Think about it Weyland also escaped from an island by magically flying away with a bladder full of blood under his arm. We are not speculating what aerodynamic properties a bladder full of blood may have or what the lift ratio of a Viking smith wearing it would be, why? Some magic we want to believe and some we do not, to us this is obviously just a really good bit of story telling, a flying smith will keep them listening around the fire. I think the intellectuals who published papers about the possible benefits of goose poop sword making made fools of themselves and showed us exactly how much idle time they have on their hands.

Our approach to the ancients has an interesting duality that always interested me, on one hand we believe them to be so much wiser and skilled than we could ever be in the lost methods of working steel, yet on the other hand we are quick to believe they were primitive superstitious louts stabbing slaves and collecting pee and poop from numerous sources. No I still think they were pretty sharp guys who knew exactly who to spin some P.R. that would keep them in very high regard to a rather impressionable public, things haven’t changed too much in that respect.

I would also be willing to bet a years wages that if we could go back in time and ask a 9th century sword smith if he ever considered grinding up a sword and feeding it to geese he would give us a look and apprehensively ask “you do realize that is just a story don’t you?”
 
is that a knifemaker's wage?

now there's a myth ;)

Your darned right it's a knifemakers wage! Time travel may just be possible:D So I didn't want to risk too much and a knifemakers yearly wages may fill a gas tank and get you a modest meal after your trip to 800 A.D.:(

Oh yes, I know many who got wealthy making knives, I also have a unicorn ranch, it is run by leprechauns and we have a whole flock of geese that don't poop swords, but instead golden eggs.

The golden eggs help support my knifemaking habit:D
 
Forgive me but there is another aspect of old smithing legends that has fascinated me.
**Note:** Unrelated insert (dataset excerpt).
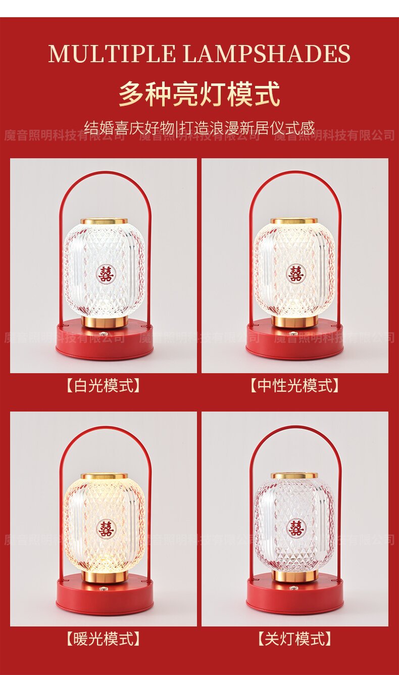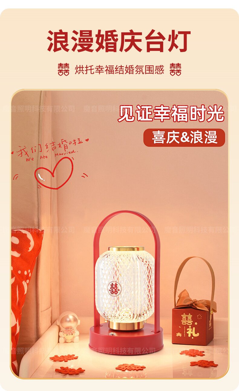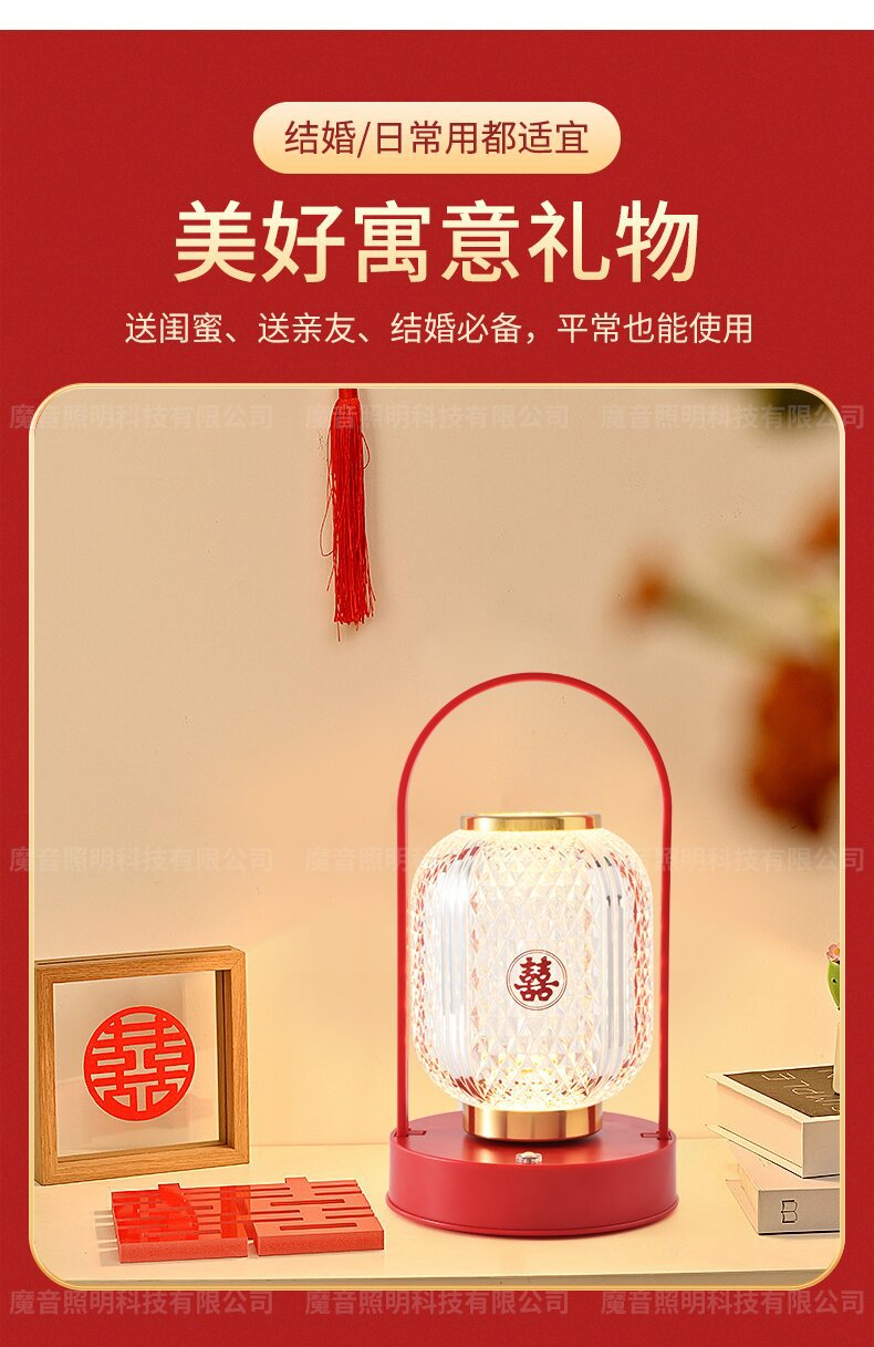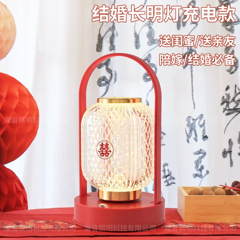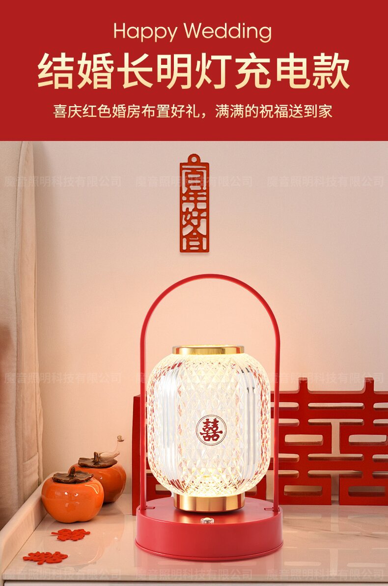 신혼부부를 위한 긴불, 결혼식 한 쌍의 고급 웨딩룸 장식, 빨간색 탁상스탠드, 침대 옆 램프, 신혼부부를 위한 결혼 선물스토어 가기

You ever noticed how in the east the great swordsmiths would wear white, were very Zen, took ceremonial baths to be pure before beginning their work. When quenching the blade it was done in crystal clear and pure water from a very special spring or water source. Both smith and strikers where mentally in tune to work as one harmoniously with the process. ohhhmmmmm….

Yet in the west the hairy, smelly buggers were peeing on blades, playing with poop, stabbing helpless slaves if they couldn’t collect enough blood before hand and probably making drinking cups out of the quench mediums skulls when done. It sounds like total hellish chaos, and eventually they could only make “good” blades, the really great blades the ignorant brutes had to subcontract out to Dwarves and Niebelung (who probably imported them from Japan )

Two totally different P.R. techniques that worked great in their time for different audiences, yet in the long run one was far superior to the other, since even to this day western swords are just sharpened iron bars compared to the sublime katana…. Hmmmm :confused:

What made a great story 1000 years ago still works all too well in Hollywood today, now the glow is from a screen instead of a fire.
 
IIRC, the hardening was done at night because it was easier to see he subtle colour differences on the heated blade. And because you could not work in pitch black, they chose a full moon.